The temporal uniqueness is ensured by timestamp. However, in a distributed, federated system there is the chance for the same ID to get generated twice by two different subjects.

Therefore, *spacial* uniqueness must be enforced in some way.

Since SIQ's are going to be used the most in web applications, a way to differentiate *spacially* different applications is via the **domain name**.

I decided to reserve **32 bits** for the domain hash.

The algorithm of choice is **SHA-256** for its well-known diffusion and collision resistance. However, 256 bits are too much to fit into a SIQ! So, the last 4 bytes are taken.

*...*

Development and testing environments may safely set all the domain bits to 0.

Qualifiers
**********

The last 16 bits are special, in a way that makes those identifiers unique, and you can tell what is what just by looking at them.

Inspired by programming language implementations, such as OCaml and early JavaScript, a distinguishing bit affix differentiates among types of heterogeneous entities:

* terminal entities (leaves) end in ``1``. This includes content blobs, array elements, and relationships;
* non-leaves end in ``0``.

The full assigment scheme (managed by me) looks like this:

-------------------------------------------------------
Suffix       Usage
=======================================================
``x00000``   user account
``x10000``   application (e.g. API, client, bot, form)
``x01000``   event, task
``x11000``   product, subscription
``x00100``   user group, membership, role
``x10100``   collection, feed
``x01100``   invite
``x11100``   *unassigned*
``x00010``   tag, category
``x10010``   *unassigned*
``x01010``   channel (guild, live chat, forum, wiki~)
``x11010``   *unassigned*
``xx0110``   thread, page
``xx1110``   message, post, revision
``xxx001``   3+ fk relationship
``xxx101``   many-to-many, hash array element
``xxx011``   array element (one to many)
``xxx111``   content
--------------------------------------------------------


The leftover bits are used as progressive serials, incremented as generation continues, and usually reset when timestamp is incremented.

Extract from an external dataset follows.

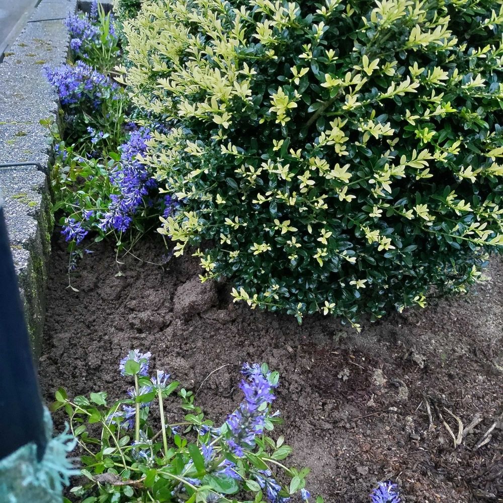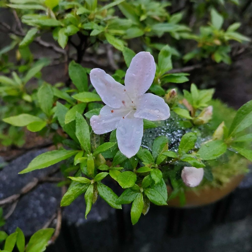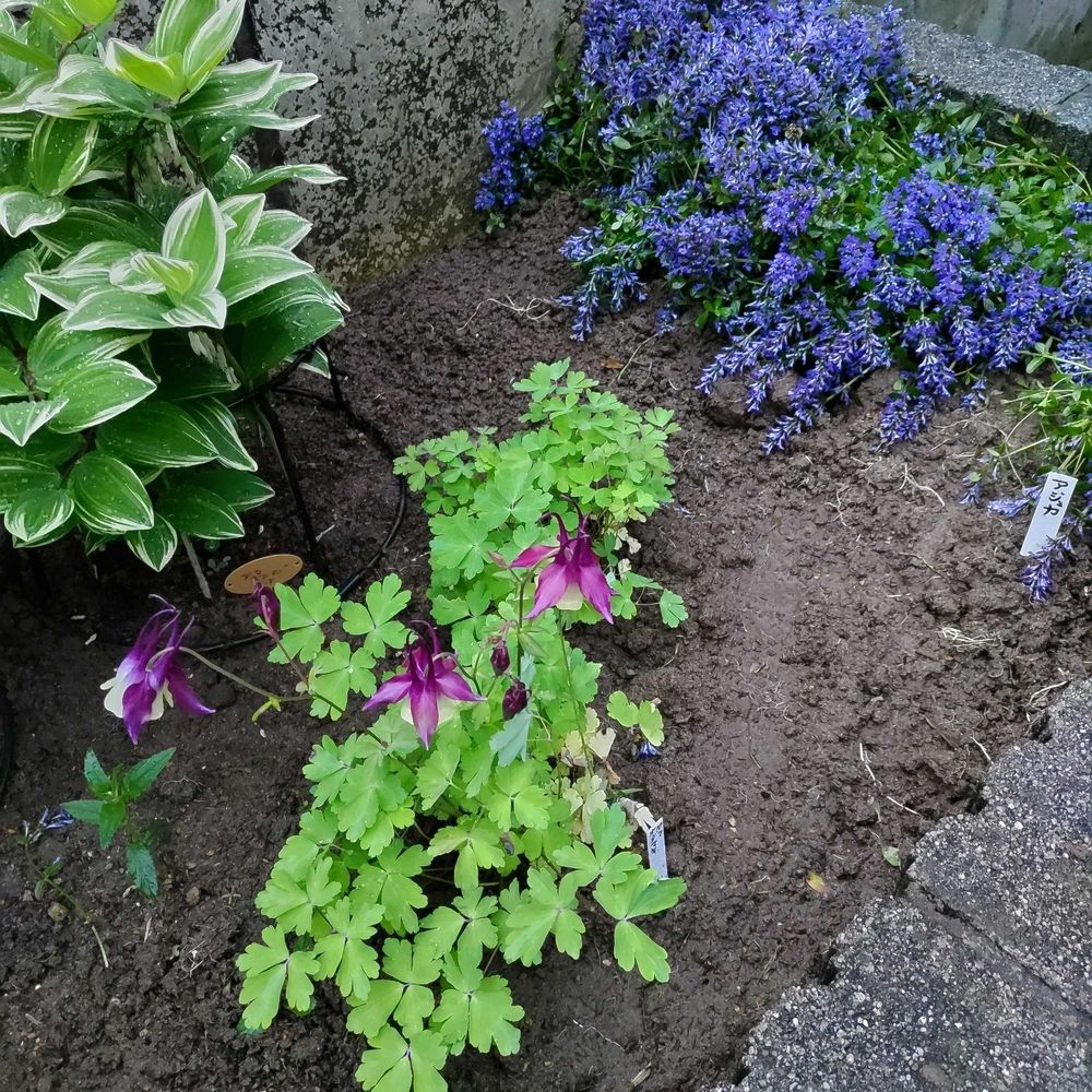 (地味投稿)おばんてます🌜1️⃣「サツキ」一鉢一輪開花してました2️⃣アジュカの増殖のため、50センチ「ヤマオダマキ」移動しました3️⃣4️⃣「アジュカ」ポスタ(四ヶ所)の間と、ツゲ(六ヶ所)の前に移植しました(我が家の顔)咲いてるところごめんなさい🙏

Like with snowflakes and ULID's, if you happen to run out with serials, you need to wait till timestamp changes. Usually around 15 microseconds.

Storage
*******

It is advised to store in databases as *16 byte binary strings*.

-  In MySQL/MariaDB, it's ``VARBINARY(16)``.

The two extra bytes are to ease alignment, and possible expansion of timestamp range — even though it would not be an issue until some years after 10,000 CE.

It is possible to fit them into UUID's (specifically, UUIDv8's — custom ones), taking advantage from databases and libraries implementing a UUID type — e.g. PostgreSQL.

Unfortunately, nobody wants to deal with storing arbitrarily long integers — lots of issues pop up by going beyond 64. 128 bit integers are not natively supported in most places. Let alone 112 bit ones.

(end of extract)

Implementation
**************

.. autoclass:: Siq

.. autoclass:: SiqGen

.. automethod:: SiqGen.__init__
.. automethod:: SiqGen.generate

Snowflake
---------

SUOU also implements \[the Discord flavor of\] Snowflake ID's.

This flavor of Snowflake requires an epoch date, and consists of:
* 42 bits of timestamp, with millisecond precision;
* 10 bits for, respectively, worker ID (5 bits) and shard ID (5 bits);
* 12 bits incremented progressively.


.. autoclass:: suou.snowflake.Snowflake

.. autoclass:: suou.snowflake.SnowflakeGen


Other ID formats
----------------

Other ID formats (such as UUID's, ULID's) are implemented by other libraries.

In particular, Python itself has support for UUID in the Standard Library.